SMSR’s vision is to enable people with spinal cord injury to have life after paralysis without the setbacks of the above debilitating health complications.

SMSR’s current research projects

I attended SMSR’s virtual meeting to learn about the exciting new research projects that this charity has funded.  I was particularly excited to learn that two of these projects are focused on trying to understand, predict and treat chronic neuropathic pain after a spinal cord injury.

Electroencephalograph predictors of central neuropathic pain in subacute spinal cord injury

The first research project, led by the University of Glasgow, will monitor brain activity (using EEG) of 60 SCI patients over the course of 2 years to identify those at risk of developing CNP so that they can receive preventative treatment.

The data obtained from the participants of this study will be analysed to create a ‘machine learning algorithm’ that can be applied to other SCI patients in the future, to ensure that correct treatment can be started early to prevent neuropathic pain from developing.

This project is jointly funded by SMSR and Spinal Research.

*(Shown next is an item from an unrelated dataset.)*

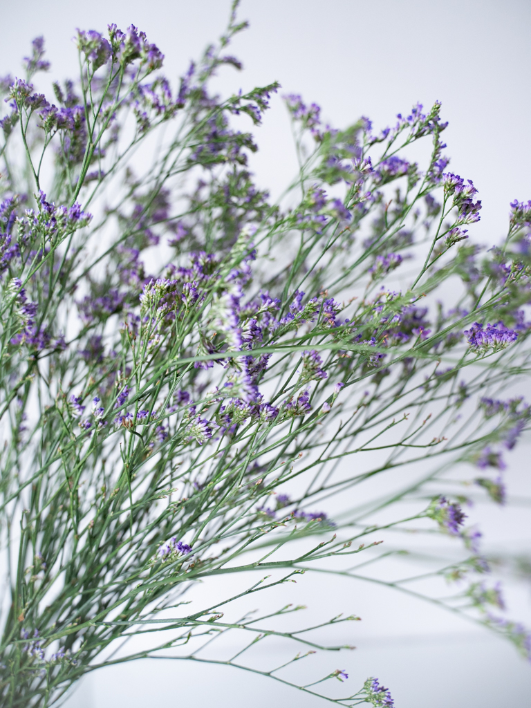 落ち着いた色合いが特徴のリモニューム。パープル系の品種はナチュラルなアレンジからシックな装花まで幅広く活躍します。ボリュームは入荷時期・産地によりイメージと異なる場合がございます。予めお含みおきください。

Cingulotomy for neuropathic pain following spinal cord injury

This study, led by Mr Erlick Pereira, Consultant Neurosurgeon at St George’s University Hospital in London, will look at the effectiveness of a surgical procedure called ‘cingulotomy’ which is aimed at treating central neuropathic pain.

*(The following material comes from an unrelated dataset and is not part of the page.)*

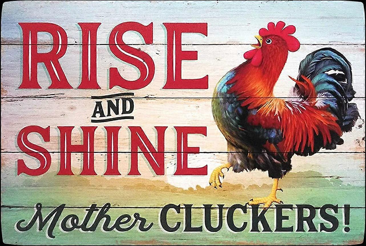 Gloryboom Rise and Shine Mother Chicken Decor Chicken Sign Funny Chicken Chicken Metal Tin Sign Wall Plaque for Home Kitchen Bar Coffee Shop 8x12 Inch

Essentially, this surgical procedure, usually performed under local anaesthetic, involves inserting small radiofrequency thermocoagulation electrodes into one’s brain in order to make lesions in the specific area responsible for pain sensation thereby de-activating it.

Whilst this type of procedure is not new and has been successfully used to treat depression as well as pain, it is hoped that this study will confirm its effectiveness in treatment of neuropathic pain following SCI.

This study will run for a period of 3 years (January 2021 to December 2023) and will involve 12 patients with complete or incomplete SCI who have suffered from neuropathic pain for more than 12 months.  A variety of tests will be performed throughout the duration of the research (including cognitive tests, brain imaging, assessment of pain etc) to analyse a patients’ response to this treatment and its efficacy.

I am hugely passionate about making sure that my clients with SCI can improve the quality of their lives using the compensation that I have secured for them.  Ensuring that my clients have sufficient means to access the most optimal pain management options available now but also in the future is a very important part of my role.  I am therefore very excited about these two research projects which I hope will help improve the quality of lives of those with spinal cord injuries.